New LLM Reinforcement Learning Framework: UCSD Multi-Agent Training Boosts LLM Tool-Use Capability by 5.8×
Reinforcement Learning Framework for Large Language Model Agents
First Implementation of Universal Multi-Agent Group Reinforcement
---
Background
Numerous studies show that multi-agent workflows with large language models (LLMs) often outperform single-agent systems — even without targeted training.
Yet, most current LLM agent training frameworks are limited to single-agent training, leaving universal multi-agent “group reinforcement” an open problem.
---
Introducing PettingLLMs
Researchers from UCSD and Intel developed PettingLLMs, a generalized multi-agent reinforcement learning framework that supports training multiple LLMs in arbitrary combinations.

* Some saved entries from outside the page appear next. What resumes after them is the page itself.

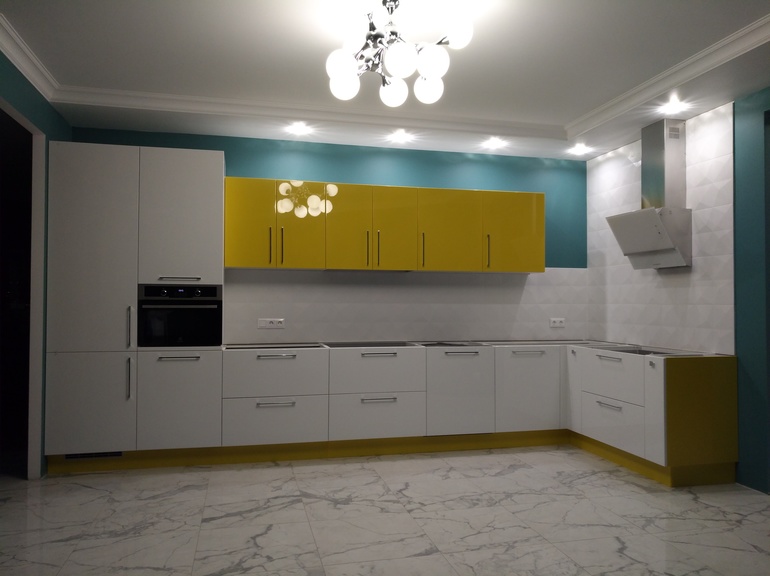 Очень красивый дизайн и кухня просто шикарна))) Фасады МДФ эмаль? Прокрас с двух сторон или с одной? Если не секрет сколько обошлась?
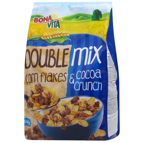 Сухой завтрак Bona Vita - это уникальное сочетание текстур и вкусов, которое обеспечит вас замечательным началом дня. Этот микс объединяет кранчи с какао и кукурузные хлопья, создавая двойной хрустящий опыт, который приносит удовольствие при каждом укусе. Кранчи с какао придают завтраку насыщенный шоколадный аромат, что делает его особенно привлекательным для любителей шоколада.
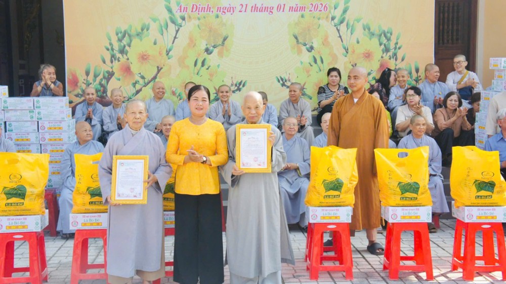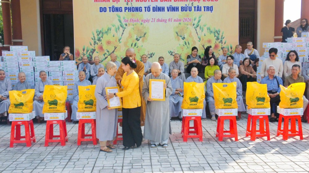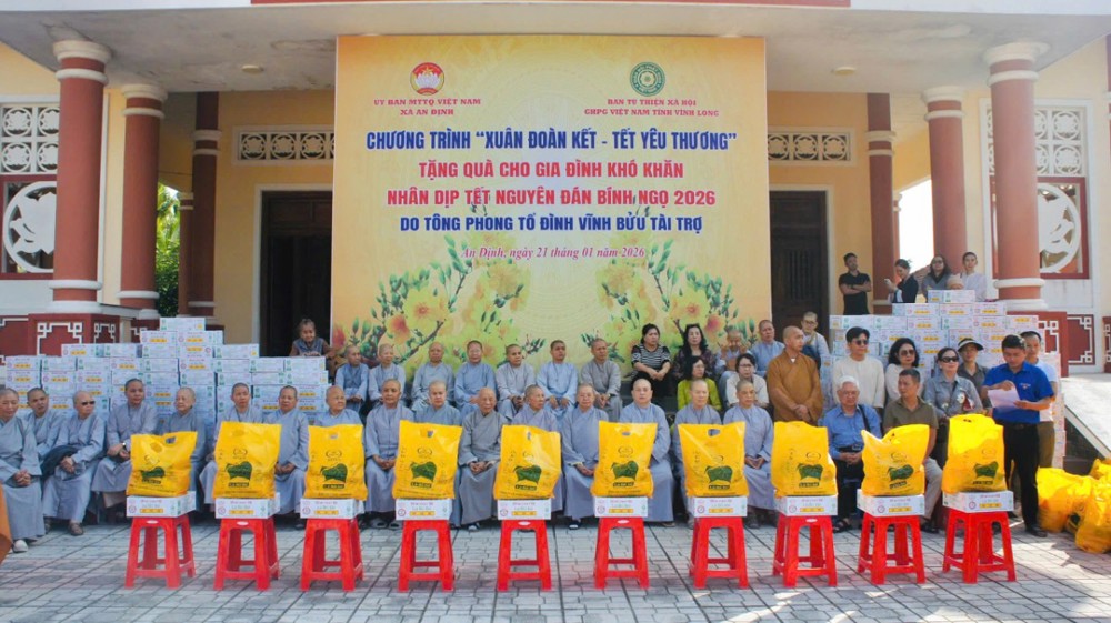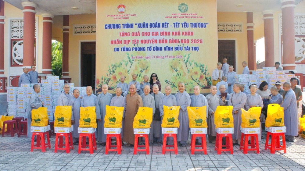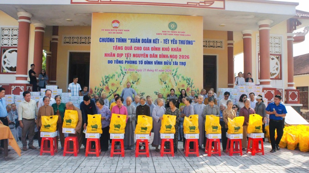Theo đó, 200 phần quà Xuân được trao tặng đến bà con xã An Định, mỗi phần trị giá 700.000 đồng, gồm tiền mặt và các nhu yếu phẩm thiết yếu phục vụ sinh hoạt ngày Tết. Chương trình này được sự phát tâm tài trợ của tông phong Tổ đình Vĩnh Bửu (xã Nhuận Phú Tân, tỉnh Vĩnh Long), thể hiện truyền thống tốt đẹp “Hộ quốc an dân – Phụng sự nhân sinh” của Phật giáo Việt Nam, đồng thời là sự tiếp nối những hoạt động an sinh xã hội đầy ý nghĩa mà chư Tôn đức Ni và Phật tử các tự viện trong tỉnh đã và đang bền bỉ thực hiện trong nhiều năm qua.
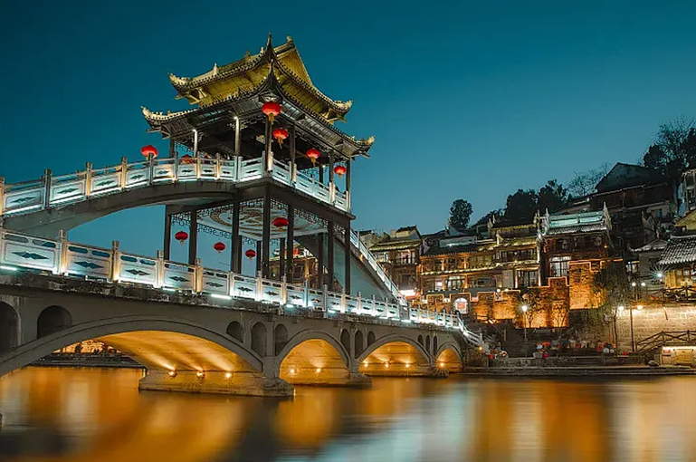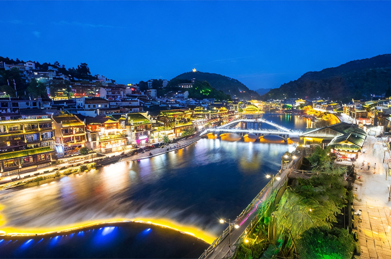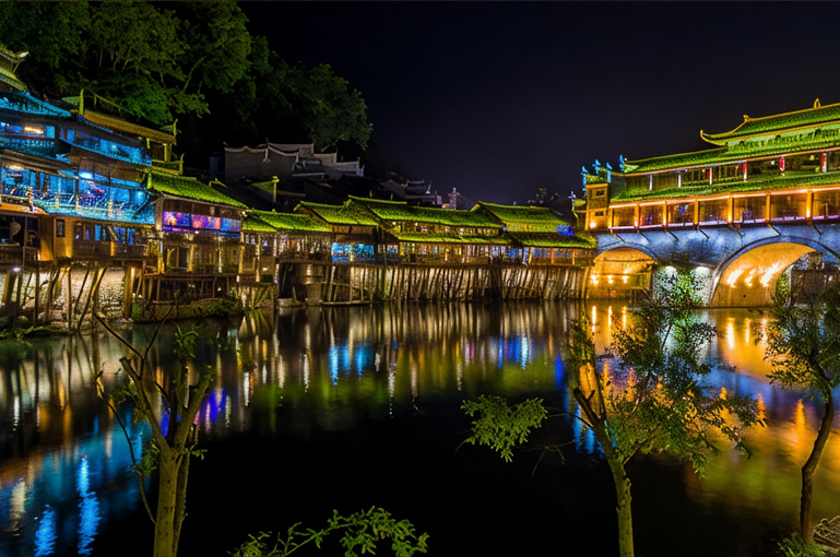 下午乘车赴湘西,游览挂在瀑布上的土家第一镇-【芙蓉镇】(电瓶车28元/人自理),该镇美誉为:“中国历史文化名镇”、“挂在瀑布上的千年古镇”、“中国十大美丽乡镇之一”“土家之源、土家之都”、“最朴实最美妙的影视拍摄基地”,后赴凤凰入住酒店,可自由欣赏凤凰夜景。
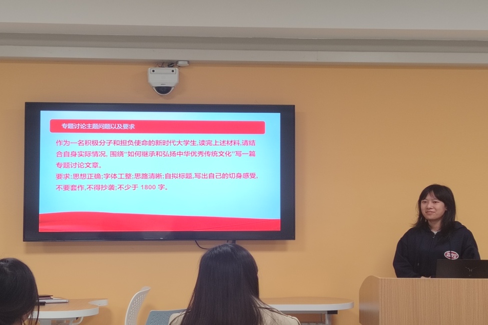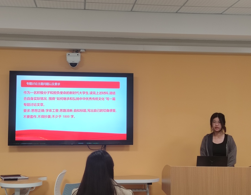 2023年11月21日晚18:00,国际学院在第四教学楼210教室召开了第5期入党积极分子“继承和弘扬中华优秀传统文化”专题培训研讨会,研讨会由辅导员老师黄晓辉主持,第五期党校培训班学员参加。
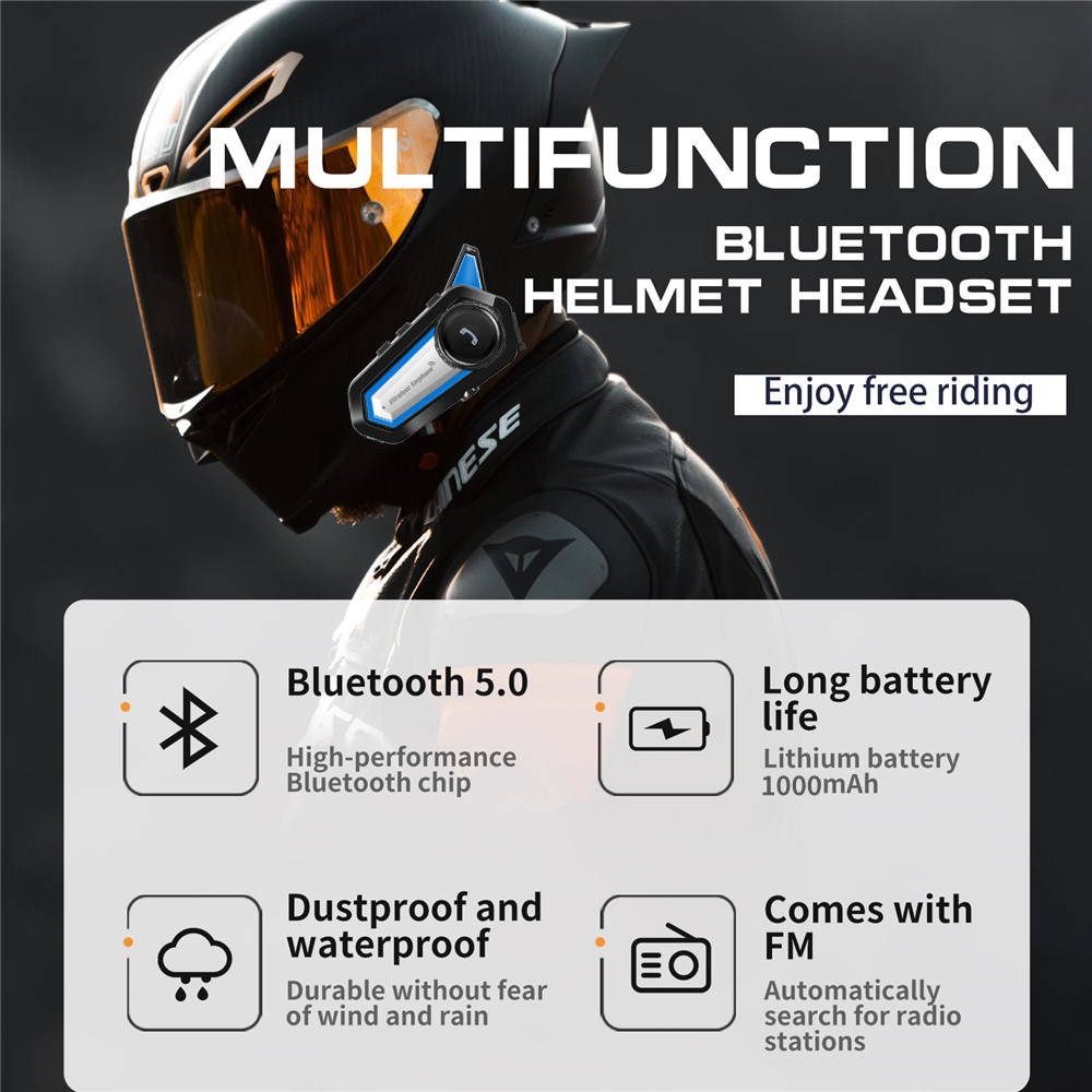 Rendimiento estable: los auriculares para casco de motocicleta adoptan el estándar de tecnología Bluetooth 5.0, transmisión estable, cobertura más amplia, velocidad más rápida, menor consumo de energía.
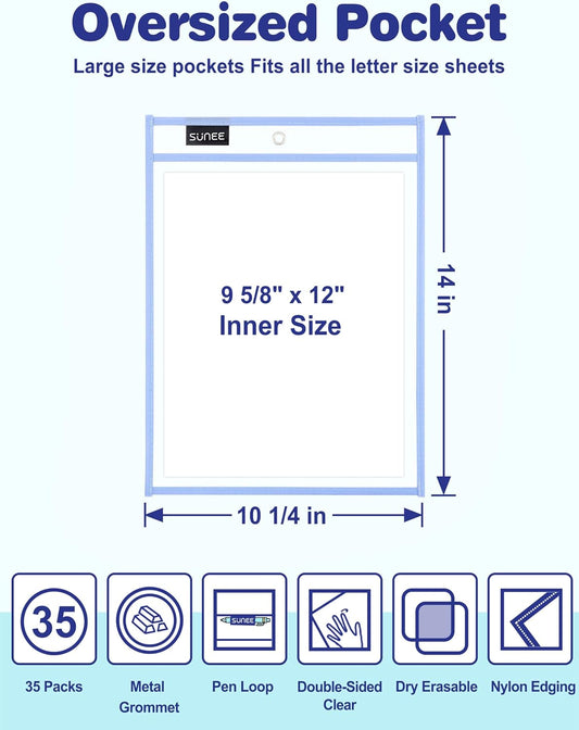 Dry Erase Pockets 30 Pack EASYWipeXL, Oversized 10"×13" Heavy-Duty Reusable Dry Erase Pocket Sleeves, Save Time & Paper with Quick Clear Pocket Sleeves for Classroom, Office & Homeschool Worksheets

Multi-agent LLM systems can significantly boost performance in:
- Healthcare
- Programming
- Scientific research
- Embodied AI
---
Core Algorithm: Group Relative Policy Optimization (GRPO)
GRPO has proven effective for large model agent training.
Principle:
- Receive the same input prompt
- Sample multiple candidate responses
- Evaluate them with a reward model
- Compute relative advantages within the group
⚠ Key Assumption: All responses are generated from exactly the same context (prompt).
---
Fundamental Challenge in Multi-Agent Environments
In multi-agent, multi-turn tasks:
- Prompts evolve differently per agent and turn
- Example: In coding tasks, a second-turn prompt may include:
- Original question
- Code from first turn
- Unit tests generated by other agents

If we group responses from different prompts together for advantage calculation, this violates GRPO’s shared context requirement, harming fairness.
---
Solution: Greedy-Search Tree Sampling
Approach:
- Each turn: Every agent forms a node with K branches
- After branching: Only the highest-reward branch proceeds
- Balances exploration vs exploitation
Rewards:
- Role-specific rewards + global task rewards
- Drives specialized capabilities and cooperation skills

---
Specialization vs Shared Model Strategy
Question: When should agents have specialized models vs a shared model?
Implemented System: Asynchronous distributed training:

Training Modes
- Specialized Model Mode:
- Multiple independent model pools (Pool i, Pool j)
- Routing sends Agent i’s data to Pool i → updates Model i only
- Shared Model Mode:
- Merges all agents’ data into one pool
- Updates a shared model for all agents
---
Framework Advantages
PettingLLMs unifies multi-agent cooperation & specialization.
It’s open-source for faster development.
Environment Support:
- Developers only need to implement:
- Task-specific interaction logic
- Reward functions
- Built-in environments: mathematics, coding, games
- Arbitrary mappings between models and agents
- Individual LoRA configurations per agent
---
Real-World Training Results
In Sokoban (long-horizon task), AT-GRPO improved task performance from 14% to 96%.

---
Large-Scale Experiments
Models: Qwen3-1.7B and Qwen3-8B
Tasks:
- Planning: Sokoban, Plan-Path
- Coding: LiveCodeBench, APPS, CodeContests
- Mathematics: AIME 24/25, OlympiadBench

Performance Gains:
- Planning: Sokoban +82%, Plan-Path +52.5%
- Coding: LiveCodeBench +6.1%, APPS +4.2%, CodeContests +7.0%
- Math: AIME 24 +9.0%, AIME 25 +17.9%

---
Ablation Studies
- Single-agent training is limited:
- Planning/tools single-agent: +6–9% → MAS only +16% total
- Role strategy swapping causes collapse:
- Accuracy drops from 96% → 6%
- Cooperation improves over time:
- Sync rewards + fewer rounds required

---
Resources
- Paper: https://huggingface.co/papers/2510.11062
- GitHub: https://github.com/pettingllms-ai/PettingLLMs
---
Complementary Tools
For deployment and publication, AiToEarn官网 offers:
- Open-source AI content monetization platform
- Publishing to Douyin, Kwai, WeChat, Bilibili, Xiaohongshu, Facebook, Instagram, LinkedIn, Threads, YouTube, Pinterest, X (Twitter)
- Integrated analytics and AI model rankings
- Docs: AiToEarn文档
- Repo: AiToEarn开源地址
---
Conclusion:
PettingLLMs bridges the gap between single-agent RL training and universal multi-agent group reinforcement — enabling coordinated, specialized, and scalable LLM agent evolution across diverse tasks.
Would you like me to also create a diagram summarizing PettingLLMs’ architecture so it’s easier to grasp the system at a glance? That could make this Markdown even more readable.